I’ve never been a really paranoid mother. I wash their hands and vaccinate them and keep them in car seats and helmets but otherwise feel that a little dirt is good for them.

But what paranoia I did have is being tested.

The first two weeks’ of vehicles that we rode in here did not have functioning seatbelts, so Josh and I were constantly evaluating if a partially or non-conventionally secured car seat was safer than no car seat. Our personal vehicle is equipped with lots of seat belts and we praise God for that!

It’s impossible to keep the children from tasting the tap water. What kid doesn’t drink some bath water? Or last night when I stepped away for a second while Ana was brushing her teeth, I heard the ominous trickle of faucet water after the girly “spit” in the sink.

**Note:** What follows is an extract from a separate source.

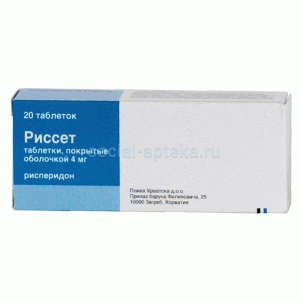 Риссет - антипсихотическое средство (нейролептик), производное бензизоксазола; оказывает также седативное, противорвотное и гипотермическое действие. Селективный моноаминергический антагонист, обладает высокой тропностью к серотонинергическим 5-НТ2 и дофаминергическим D2-рецепторам, связывается также с α1-адренорецепторами и с несколько меньшей аффинностью — с Н1-гистаминергическими и α2-адренергическими рецепторами. Не обладает тропностью к холинорецепторам.Антипсихотическое действие обусловлено блокадой дофаминовых D2-рецепторов мезолимбической и мезокортикальной системы. Седативное действие обусловлено блокадой адренорецепторов ретикулярной формации ствола головного мозга; противорвотное действие — блокадой дофаминовых D2-рецепторов триггерной зоны рвотного центра; гипотермическое действие — блокадой дофаминовых рецепторов гипоталамуса.Подавляет продуктивную симптоматику (бред, галлюцинации, агрессивность), автоматизм. Вызывает меньшее подавление моторной активности и в меньшей степени индуцирует каталепсию, чем классические антипсихотические средства — АПС (нейролептики). Сбалансированный центральный антагонизм к серотонину и дофамину может уменьшать склонность к экстрапирамидным побочным действиям и расширять терапевтическое воздействие препарата с охватом негативных и аффективных симптомов шизофрении. Может индуцировать зависящее от дозы увеличение концентрации пролактина в плазме.ФармакокинетикаАбсорбция — быстрая и полная (пища не влияет на полноту и скорость абсорбции). Абсолютная биодоступность — 74%; относительная (таблетки по сравнению с раствором) — 94%. Tmax в плазме рисперидона — 1 ч; 9-гидроксирисперидона — 3 ч (при высокой активности изоферментаCYP2D6) и 17 ч (при низкой активности изофермента CYP2D6).Css рисперидона в организме у большинства пациентов достигается в течение 1 дня, а 9-гидроксирисперидона — 4–5 дней. Концентрации рисперидона и 9-гидроксирисперидона в плазме пропорциональны дозе препарата (в пределах 1–16 мг/сут). Быстро распределяется по организму, проникает в ЦНС, грудное молоко. Vd — 1–2 л/кг. Связь с белками плазмы (с α1-кислый гликопротеин и альбумины) рисперидона — 90%, 9-гидроксирисперидона — 77%.Метаболизируется изоферментом CYP2D6 до активного метаболита 9-гидроксирисперидона (рисперидон и 9-гидроксирисперидон составляют активную антипсихотическую фракцию). Другим путем метаболизма является N-дезалкилирование.T1/2 рисперидона — 3 ч (при высокой активности изофермента CYP2D6) и 20 ч (при низкой активности изофермента CYP2D6), T1/2 9-гидроксирисперидона — 21 ч (при высокой активности изофермента CYP2D6) и 30 ч (при низкой активности изофермента CYP2D6); активной антипсихотической фракции — 20 ч.Выводится почками 70% (35–45% в виде фармакологически активной антипсихотической фракции) и с желчью (14%).При хронической почечной недостаточности (ХПН) клиренс креатинина снижается на 60%.При печеночной недостаточности содержание рисперидона в плазме повышается на 35%.У пожилых пациентов снижается клиренс и удлиняется T1/2.

At Home of Love yesterday, I had to make some quick decisions. Do I let Ana drink the bore hole water untreated like her friends were doing? Do I chew off the bark of the sugar cane straight from the field so that my children could gnaw on sugar cane with their friends? At the market, do I let the stranger hand Noah a peanut that he was eating? Or do I try to insulate my children, put up fences around them, make them appear different from their friends, all in an attempt to protect them from the unknown?

There are many times that the love of Jesus is going to be more clearly portrayed when we live WITH our new friends instead of apart from them. So Ana has graduated to drinking non-treated bore hole water, we’ve all been inoculated with garden dirt, Noah ate a random person’s peanut… and I pray that we are a little bit more approachable and that the cultural and racial barriers are a little less as we are a little more vulnerable, a little more dirty, and gnawing on sugar cane with everyone else!